3.4. Assessment Results of Comprehensive Water Quality Considering Release of Sediment Pollution

We input the evaluation samples considering sediment release into the assessment model, and use GIS to export the dynamic assessment results.

By comparing Figure 3 and Figure 4, we can find that the average assessment results considering the release of nitrogen and phosphorus in sediment is 3.03 and the variable coefficient is 3.60. The comprehensive water quality level significantly declines. The comprehensive water quality level of 42.7% of the sampling points descends to levels inferior to level 3, which means the results of the assessment also change. Therefore, sediment pollution release can significantly change the status of water quality. Actually, sediment pollutants have dual characters of being sources and sinks of pollutants and change with external conditions [10]. Thus, it is necessary to combine the actual external conditions with the water quality comprehensive assessment to accurately assess the water quality status in the next.

4. Conclusions

This paper analyzes the influence of the release of nitrogen and phosphorus in sediments on water quality through a physical simulation experiment, and explores a method to dynamically assess comprehensive water quality based on the PCA/AHP-VFPR model.
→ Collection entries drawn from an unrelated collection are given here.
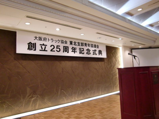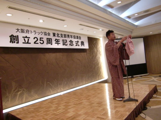 18時からの式典は、幸多会長の挨拶、来賓の中原大阪府トラック協会副会長・尾崎東北支部支部長・OBを代表して北村第2代会長の祝辞、25年の歩みDVDの上映、25周年記念事業の発表と盛りだくさんの内容で行われました。続く懇親会は、谷大阪府トラック協会青年部部会長による乾杯で幕を開けました。途中、桂米朝師匠の15番弟子にあたる、桂勢朝師匠による余興が行われ、時間がたつのも忘れ、とても楽しく過ごすことができました。私も10年間お世話になった青年協議会。トラック業界のことを全く分かっていなかった私の基礎を作ってくれました。本当にお世話になりました(まだ、特別会員ですが・・)。今後ますますのご発展を祈念いたします。
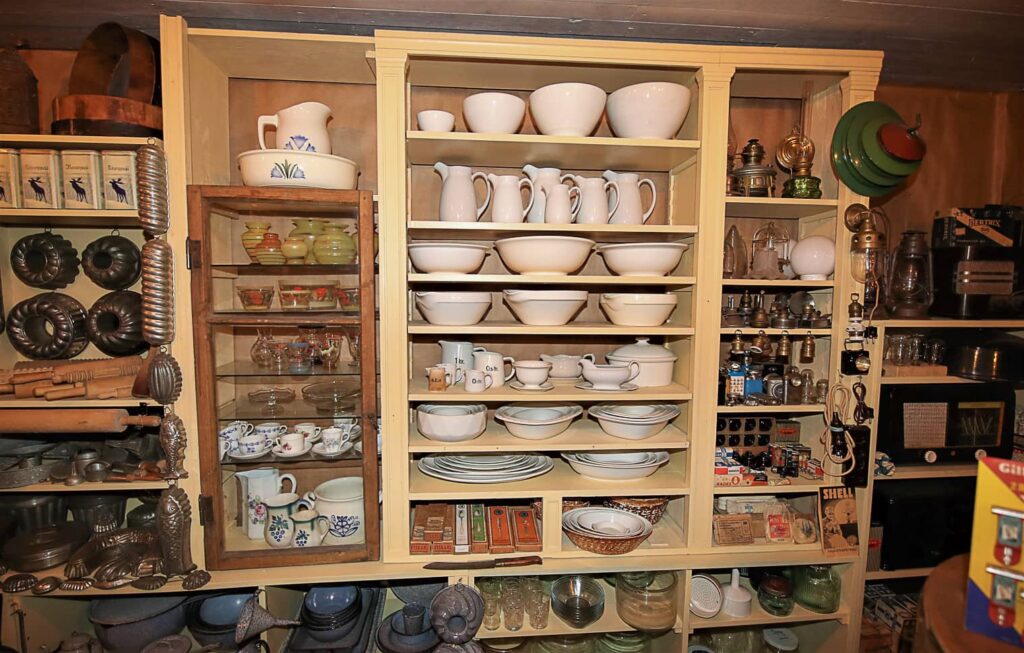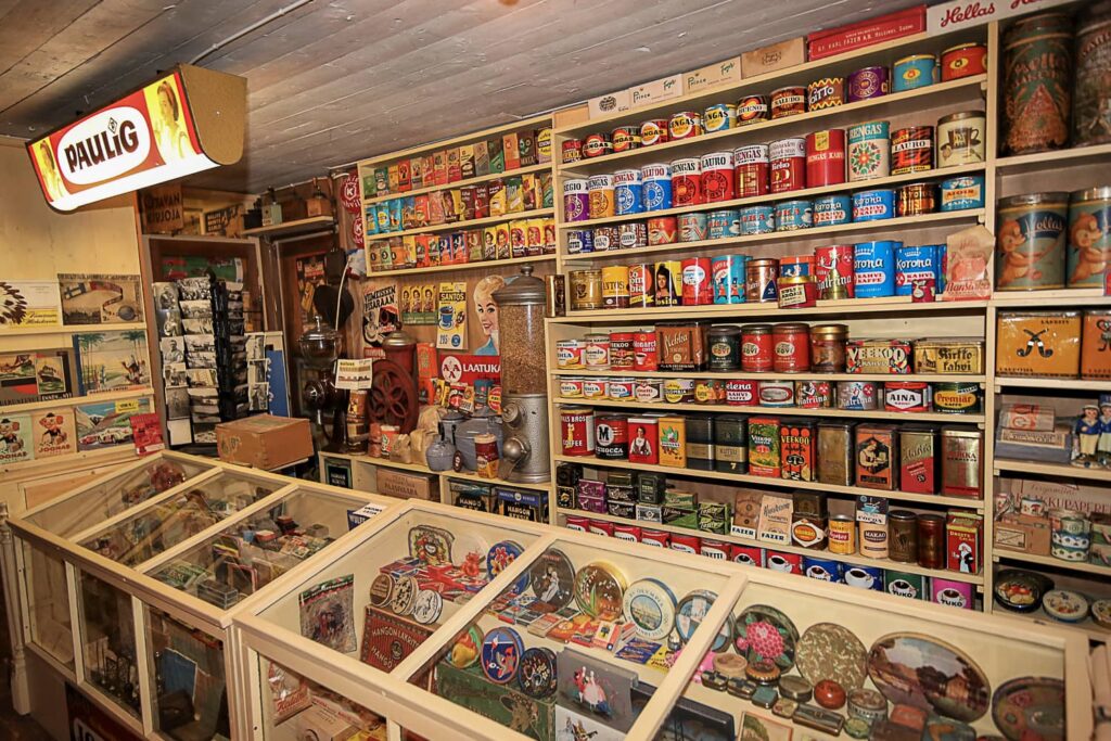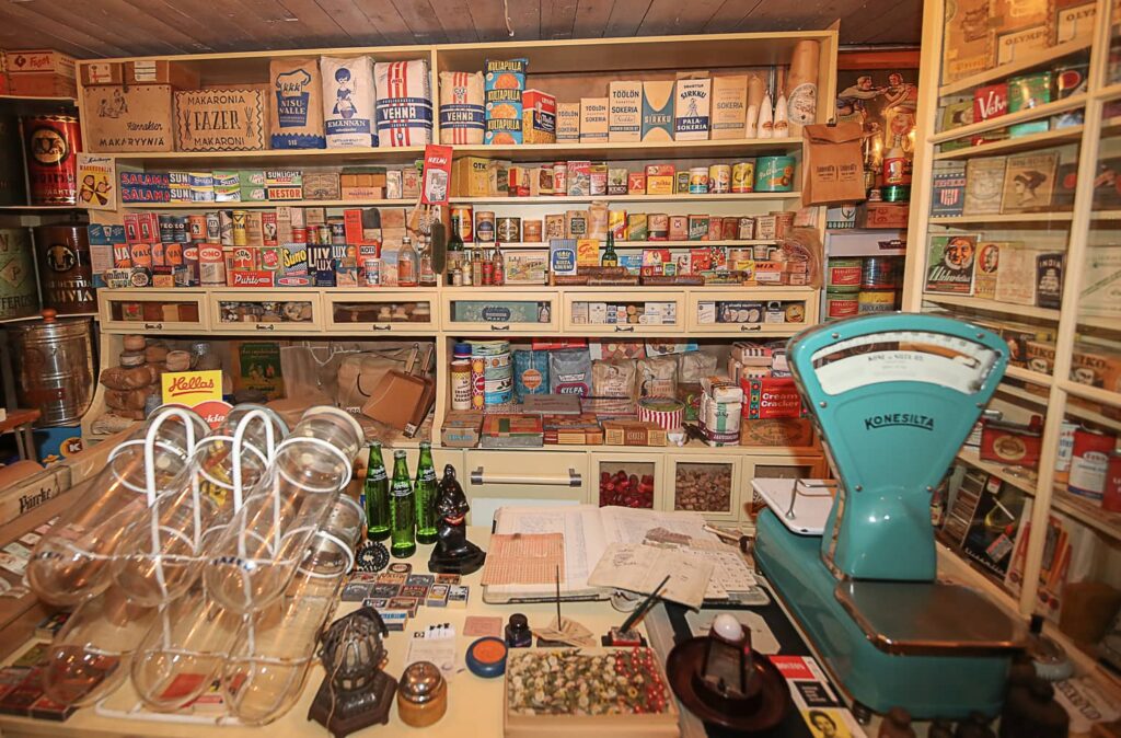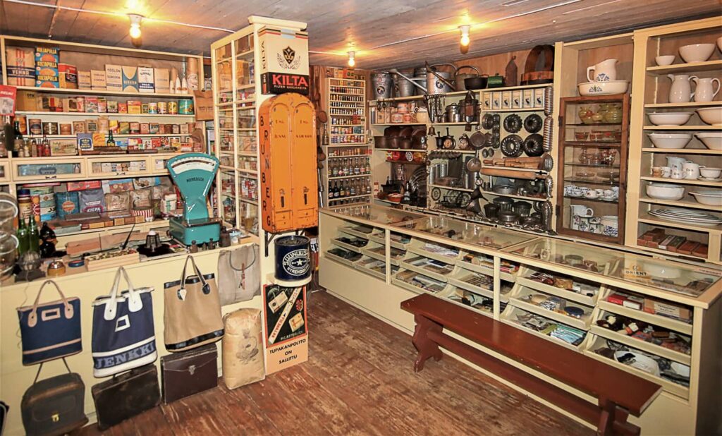 Kyläkaupan kalustus, hyllyt, vitriinit ja lattiat, tehtiin kierrätysmateriaalista. Kyseessä on eräs Suomen monipuolisimmista kauppamuseoista. Lopputulos on niin autenttinen, että osa kävijöistä erehtyy luulemaan, että tilassa olisi oikeasti joskus toiminut kauppa. Vanhojen tuotepakkauksien ja purkkien iso määrä tekee niin suuren vaikutuksen.
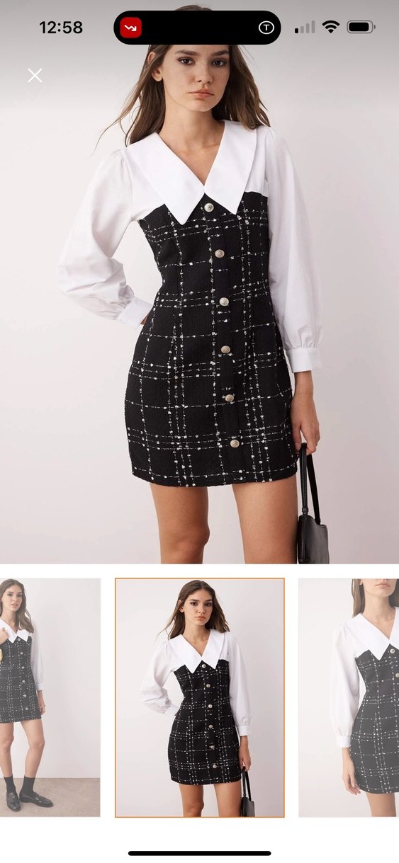 Uzun kollu, beyaz yakalı ve düğmeli midi kadın elbisesi. Sentetik kumaş, koyu renkli kareli deseniyle ofis için uygun rahat kesim.
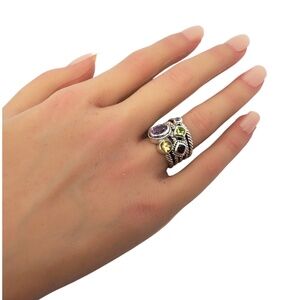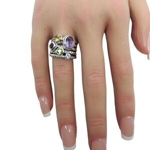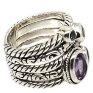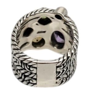 This beautiful multi strand gemstone ring by Samuel B features an oval shape amethyst, round citrine, round bluet topaz, square peridot & square garnet set in sterling silver.

GIS is applied to visually display the assessment results of water quality and reflect the change of the water boundary. Taking Biliuhe Reservoir as an example, the results show that the water quality is good, which is between level 2 and level 3, and much closer to level 2; the water boundary can also be visual demonstrated, in which the water level is reduced from 63.10 m to 54.15 m. The water quality of Biliuhe Reservoir, overall, is worse in summer and better in winter during the monitoring period. Meanwhile, water quality shows the tendency of becoming better from the entrance to the dam site, and the water quality in the surface layer is better than that in the bottom layer. The release of nitrogen and phosphorus in sediments could prominently affect water quality. Water quality is closer to, or worse than, level 3 considering the effects, and 42.7% of the samples are changed to being inferior to level 3.

This paper preliminarily studies the influence of sediment release on water quality assessment, but the effects of the microenvironment in water are ignored, which requires further study. This paper believes that the proposed method contributes to the study of the dynamic change of water quality, and it could also provide a reference for water resource protection and similar studies.